Yelp, TinyCo Settle with FTCCompanies Obtained Children's Info Through Mobile Apps
The Federal Trade Commission has reached settlements with online review site Yelp and mobile app developer TinyCo on charges that they improperly collected children's information in violation of the Children's Online Privacy Protection Act.
Under the settlements, Yelp will pay a $450,000 civil penalty, and TinyCo will pay $300,000, the FTC says.
Also, both companies must delete information they collected from consumers who stated they were 13 years of age or younger at the time they registered. Plus, the companies must submit a report in one year outlining their COPPA compliance programs.
"As people - especially children - move more of their lives onto mobile devices, it's important that they have the same consumer protections when they're using an app that they have when they're on a website," says Jessica Rich, director of the FTC's Bureau of Consumer Protection. "Companies should take steps as they build and test their apps to make sure that children's information won't be collected without a parent's consent."
From 2009 to 2013, Yelp allegedly collected personal information from children without first notifying parents and obtaining their consent, as required under COPPA, the FTC says.

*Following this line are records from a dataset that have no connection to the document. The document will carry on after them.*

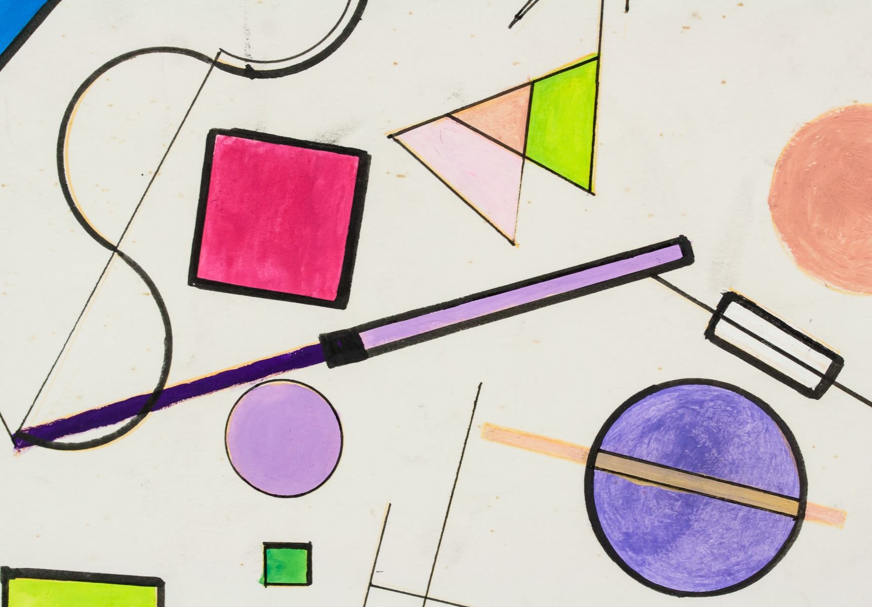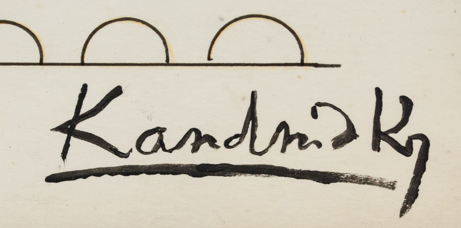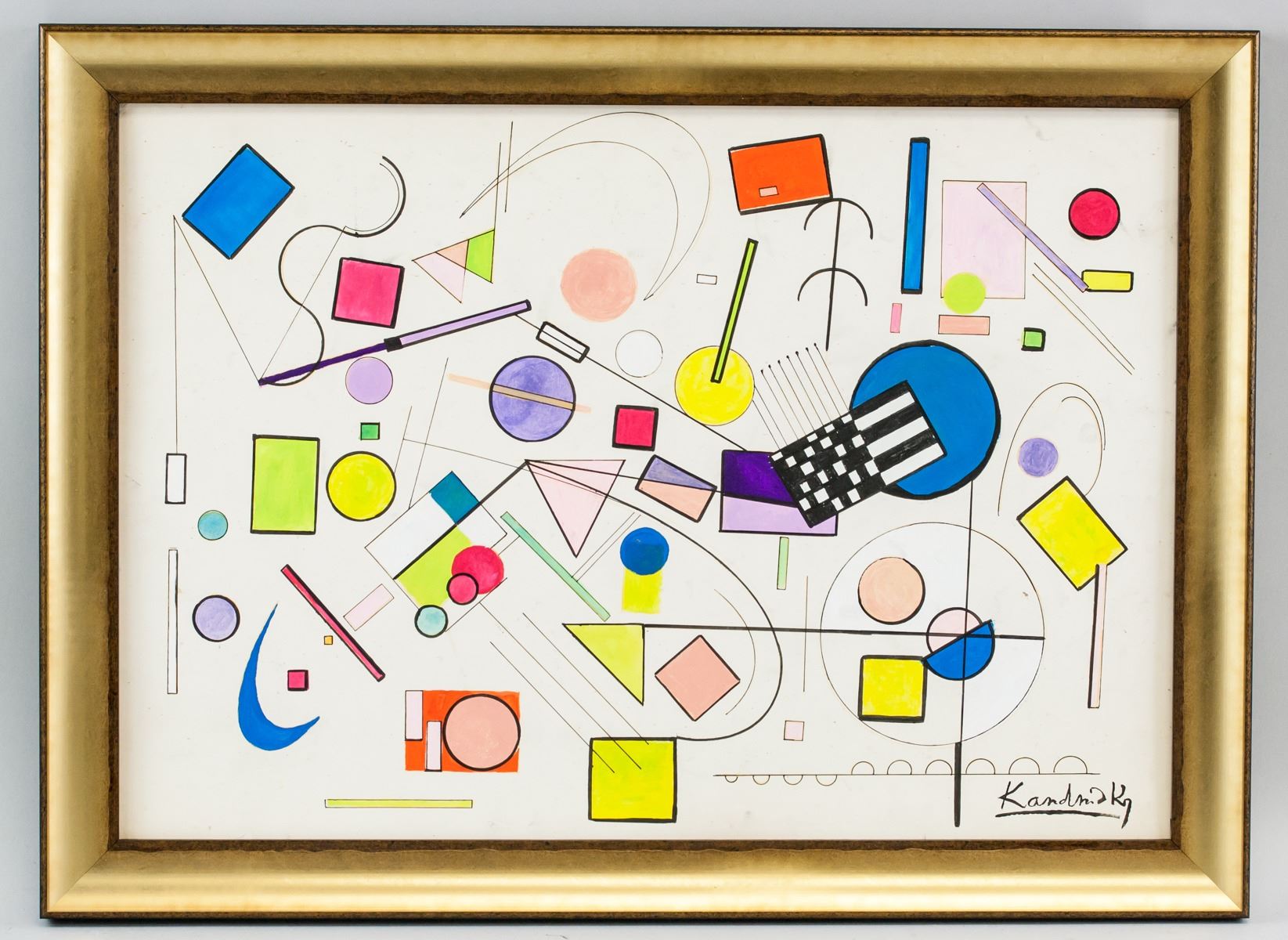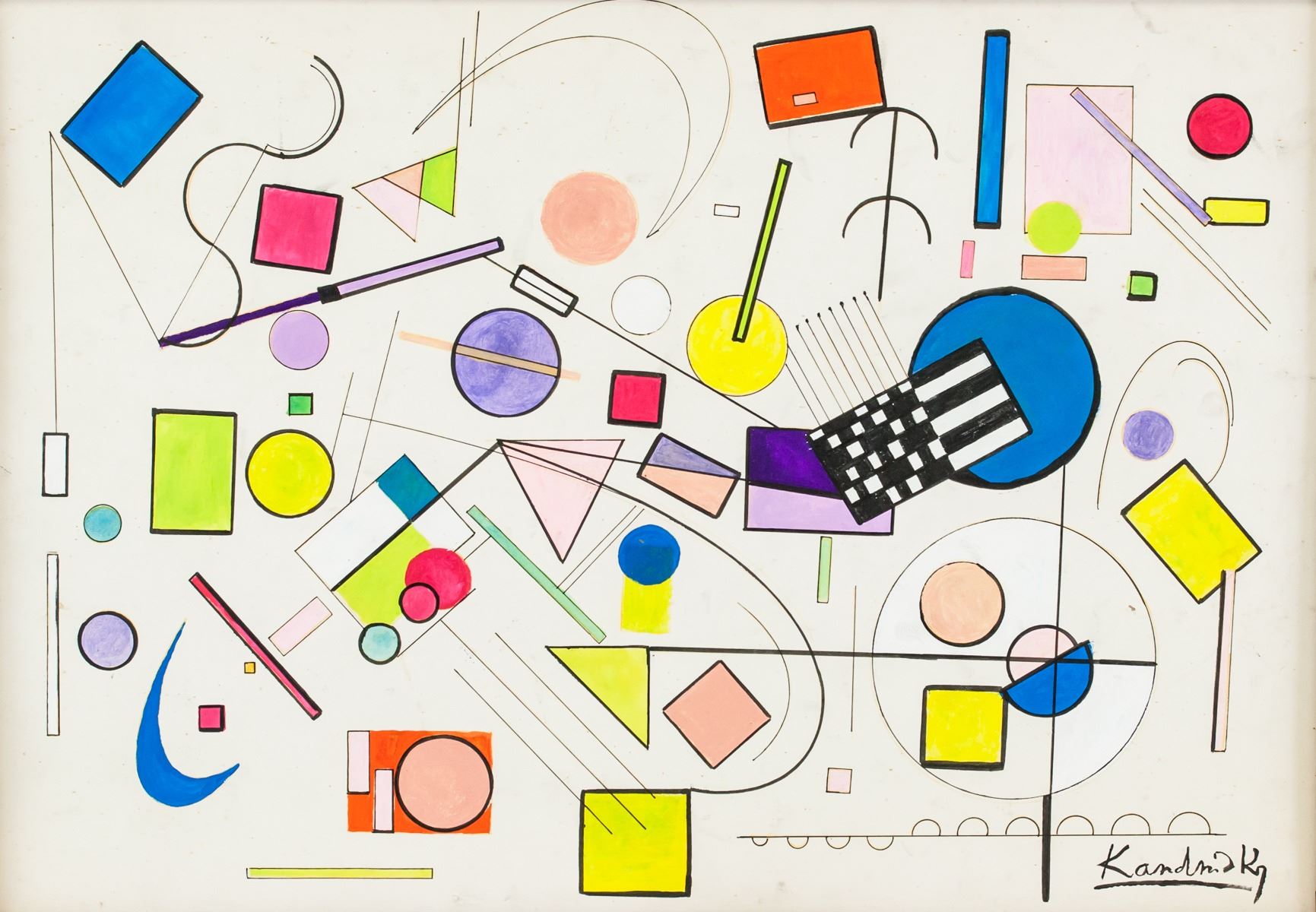 Mixed media on board, framed. Featuring abstract composition of geometric shapes. Signed "Kandinsky" in the bottom right corner. Attributed to Wassily Kandinsky (1866-1944, Russian). 34.7 x 49.5 cm (13.6 x 19.2 inches), framed size: 41 x 56 cm (16.2 x 22 inches).
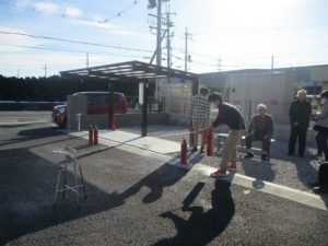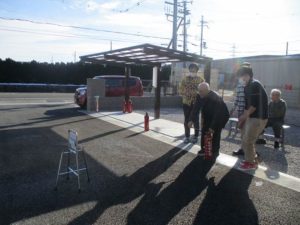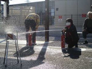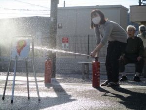 水消火器を実際に使用して利用者様、そして職員も訓練しました。
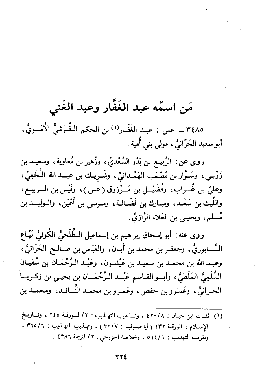3485 - عس: عبد الغفار بن الحكم القرشي الأُمَوِي (1) ، أبو سَعِيد الحراني، مولى بني أمية.
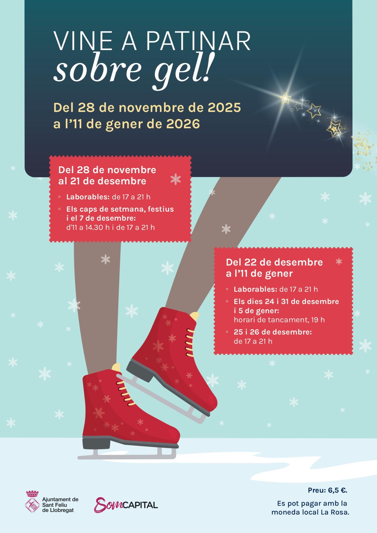 Vine a patinar sobre gel! Del 28 de novembre de 2025 a l'11 de gener de 2026.
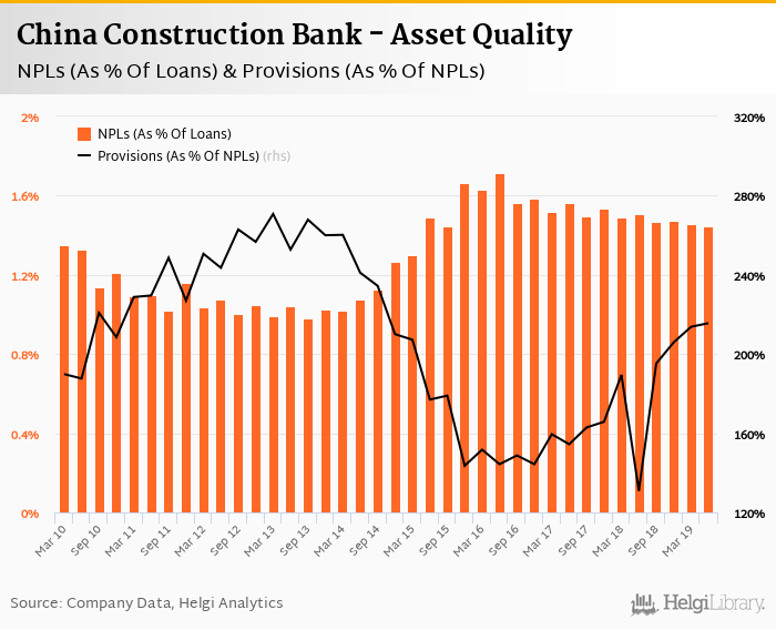 Comparing China Construction Bank with its closest peers, Home Credit China operated at the end of 2019-06-30 with NPL ratio of 1.39% and provision coverage of 846% and Qudian with 5.62% and 133% respectively.
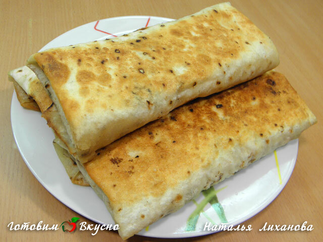 Можно свернуть лаваш конвертиком (как обычно мы сворачиваем блинчики ) и поджарить с двух сторон на небольшом количестве подсолнечного масла, в этом случае он будет хрустящим. Подается такой лаваш в горячем виде.

When consumers registered for Yelp through the app on their mobile device, according to the complaint, they were asked to provide their date of birth during the registration process.
According to the FTC's complaint, several thousand registrants provided a date of birth showing they were younger than 13 years old, and Yelp collected information from them, including name, e-mail address, location and any information that they posted on Yelp.
The FTC alleges that many of the apps TinyCo developed, which were downloaded more than 34 million times across the major mobile app stores, targeted children. The complaint alleges that the apps, through their use of themes appealing to children, brightly colored animated characters and simple language, were directed at children younger than age 13 and thus made them subject to the COPPA Rule.
Many of TinyCo's apps included an optional feature that collected e-mail addresses from users, including children younger than 13. The FTC's complaint alleges that the company failed to follow the steps required under the rule related to the collection of children's personal information.